▸ INPUT MATERIAL
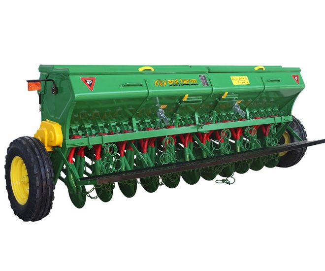 Pneumatic seed drill can be easily connected to the tractor’s three point hitch system and powered by a cardan shaft connected to the power take-off tractor. The machine is particularly suitable for precision seeding, for multi-purpose use and it is suitable for all kinds of tilled land. The seeding machine is pneumatically operated. The crops such as corn, cotton, sugar, beet, sunflower, chickpea, bean, tomato can be sowed by the special seed discs easily. Pneaumatic seed drill is used especially with the special seed discs and different accessories. And also the interrow distance of the machine is manually adjustable. The operating manuel that includes spare parts list is given to the customer with the machine.
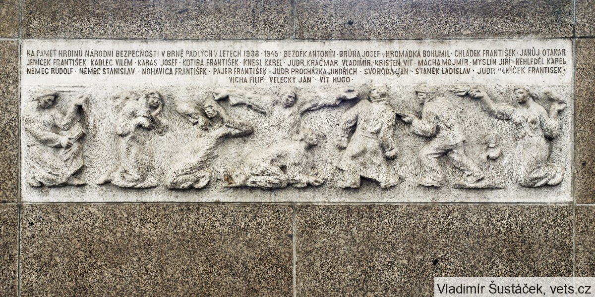 Umístění: Brno, Orlí 655/30, k.ú. Brno-město, ve vstupním vestibulu poštyNA PAMĚŤ HRDINŮ NÁRODNÍ BEZPEČNOSTI V BRNĚ PADLÝCH V LETECH 1938 - 1945: BEZDĚK ANTONÍN • BRŮHA JOSEF • HROMÁDKA BOHUMIL • CHLÁDEK FRANTIŠEK • JANŮJ OTAKAR
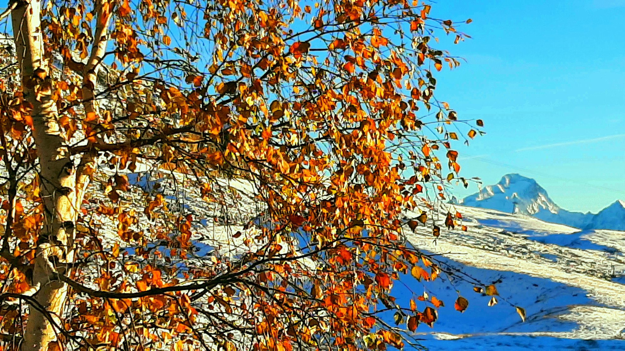 En prime un renard.Sa silhouette se détache bien dans ce paysage grandiose d'écrin blanc, de rocs et d'herbes jaunes d'automne !
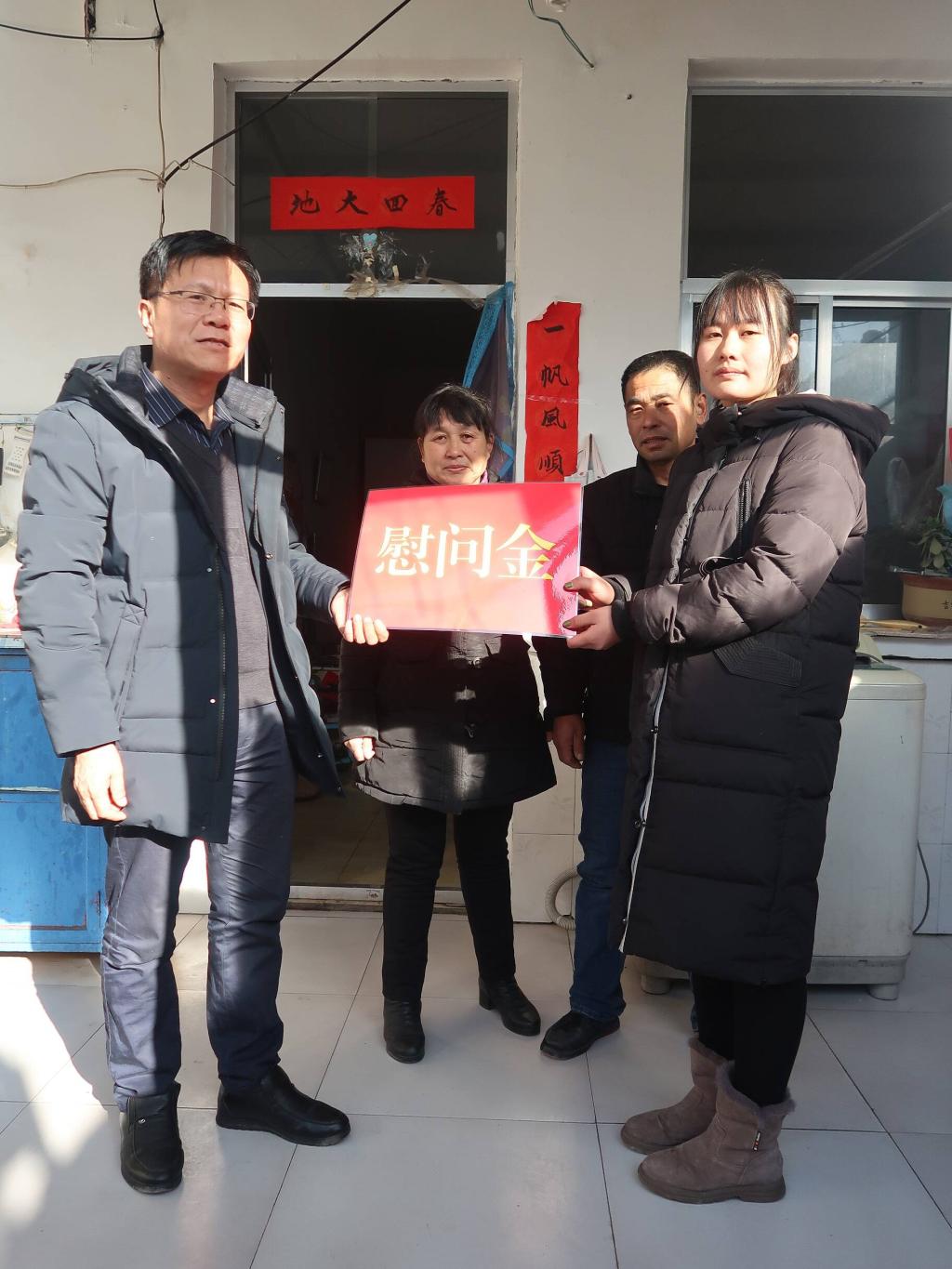 1月8日,德州学院农民影视在线观看党总支书记刘志华等人驱车前往临邑县天一村,在寒潮天气里,给2019级家庭困难学生,送去冬日里的温暖。
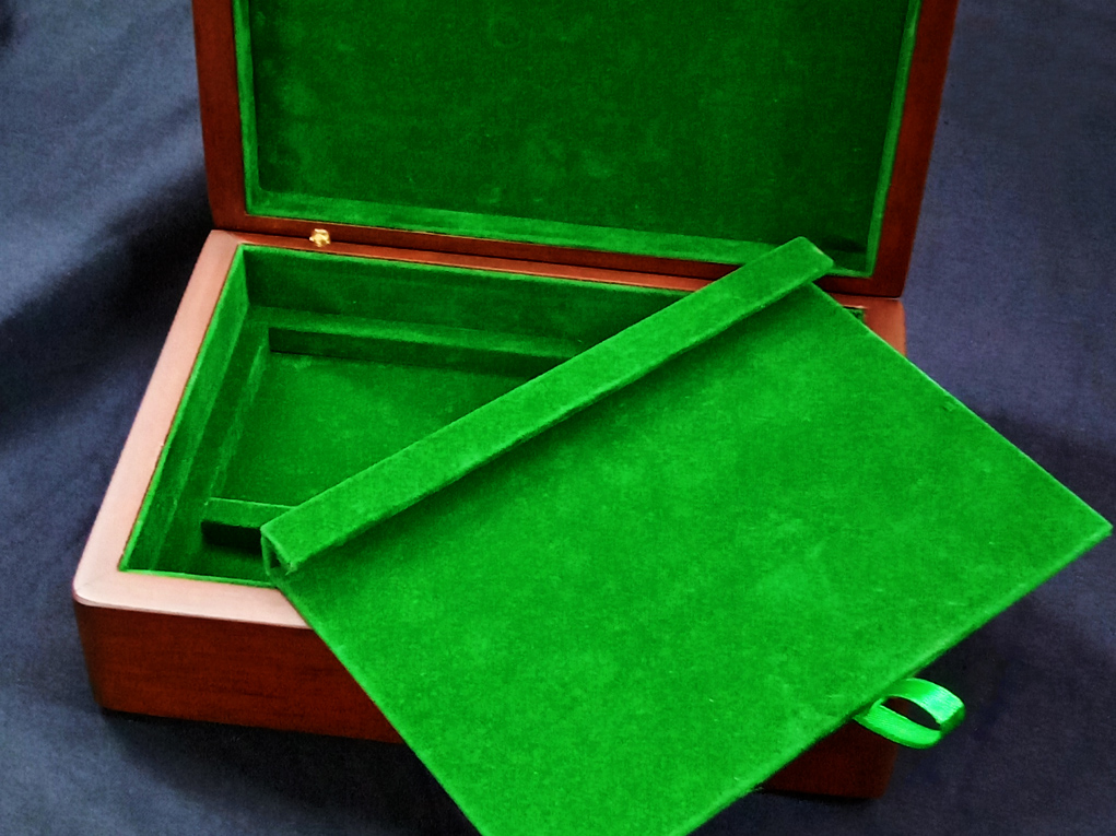 The inside of the box is neatly lined with deep green non-slip suede lining

▸ TASK TO COMPLETE
Your answer must be the records above, copied exactly, with no pictures.

▸ ANSWER FOR THIS EXERCISE
 Pneumatic seed drill can be easily connected to the tractor’s three point hitch system and powered by a cardan shaft connected to the power take-off tractor. The machine is particularly suitable for precision seeding, for multi-purpose use and it is suitable for all kinds of tilled land. The seeding machine is pneumatically operated. The crops such as corn, cotton, sugar, beet, sunflower, chickpea, bean, tomato can be sowed by the special seed discs easily. Pneaumatic seed drill is used especially with the special seed discs and different accessories. And also the interrow distance of the machine is manually adjustable. The operating manuel that includes spare parts list is given to the customer with the machine.
 Umístění: Brno, Orlí 655/30, k.ú. Brno-město, ve vstupním vestibulu poštyNA PAMĚŤ HRDINŮ NÁRODNÍ BEZPEČNOSTI V BRNĚ PADLÝCH V LETECH 1938 - 1945: BEZDĚK ANTONÍN • BRŮHA JOSEF • HROMÁDKA BOHUMIL • CHLÁDEK FRANTIŠEK • JANŮJ OTAKAR
 En prime un renard.Sa silhouette se détache bien dans ce paysage grandiose d'écrin blanc, de rocs et d'herbes jaunes d'automne !
 1月8日,德州学院农民影视在线观看党总支书记刘志华等人驱车前往临邑县天一村,在寒潮天气里,给2019级家庭困难学生,送去冬日里的温暖。
 The inside of the box is neatly lined with deep green non-slip suede lining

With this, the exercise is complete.